I've only currently got a kit 18-55mm lens, down to F3.5, but hopefully this shoudl suffice(The venue is a fairly small school hall, nothing too substantial that can be overcome by getting closer to the stage!!)

Cheers
TheAtheist


----------



## WereBo (Apr 5, 2008)

If you have the time, try taking some practice shots at the venue itself, before the gig - That will help you 1} get a feel for the camera and the controls, and 2} find the best places to be, for good shots (while allowing for folks heads bobbing around while dancing :grin

Don't forget spare memory card(s) and spare charged battery (if possible).


----------



## SABL (Jul 4, 2008)

I wish I had a DSLR....:sigh: Do as WereBo suggests and try to match the conditions (lighting and motion) to prevent disappointment with the results.


----------



## yustr (Sep 27, 2004)

Light levels might be low so you'll have to compensate:

Use a secure grip: left hand under the lens, camera base resting on the heal of your palm, lens between thumb and index finger, right hand on grip with only gentle pressure to trigger shutter.
Make sure you know how to raise the ISO setting. 
Get a mono-pod as tri-pods are usually not allowed indoors.
Sit on the floor at the front - it will be more stable than standing and allow you to use the wideangle end of the zoom range (which is the F3.5 aperture).
Set the white balance to the kind of light in the room. 

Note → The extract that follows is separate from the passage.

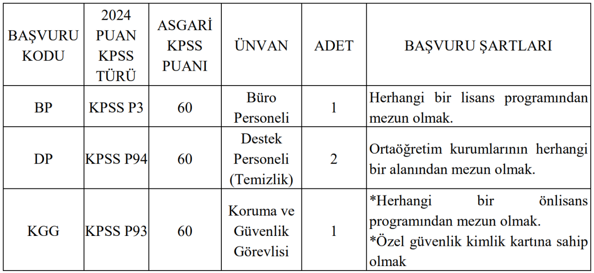 Personel alımı, 2024 KPSS (B) grubu puanlarına göre yapılacak. Adayların en az 60 KPSS puanına sahip olması şartı aranıyor. Pozisyonlara göre aranan KPSS puan türleri ise şu şekilde:

Go to rehersal or have a friend stand on the stage well before hand to make your test shots.

Have fun.


----------



## Done_Fishin (Oct 10, 2006)

when taking photo's in low light, take a deep breath and hold it until you have taken the shot. It will help to keep the camera steady with slow shots.


----------



## TheAtheist (May 20, 2006)

Cheers guys for all the tips

@Yustr - i think i'm going to take your advice and invest in a monopod, even though there are many places in which i can rest my camera to get a steady shot, they aren't always practical. They seem pretty cheap(around £20-30) so no big loss if i don't end up using it much as it'll find use for it later on...

@WereBo - i'm hoping to be able to sit in on the technical rehearsal/runthrough with the sound checks etc just to get a rough idea of settings. I just need to speak to the guy organising it, but seeing as hes a mate i can't see a problem!!


----------



## WereBo (Apr 5, 2008)

That will be an ideal time to get the 'posed' shots etc., leaving you more time for the instant snaps during the gig :grin:


----------



## Done_Fishin (Oct 10, 2006)

Nice thought that .. combine common sense & practicality for those special images


----------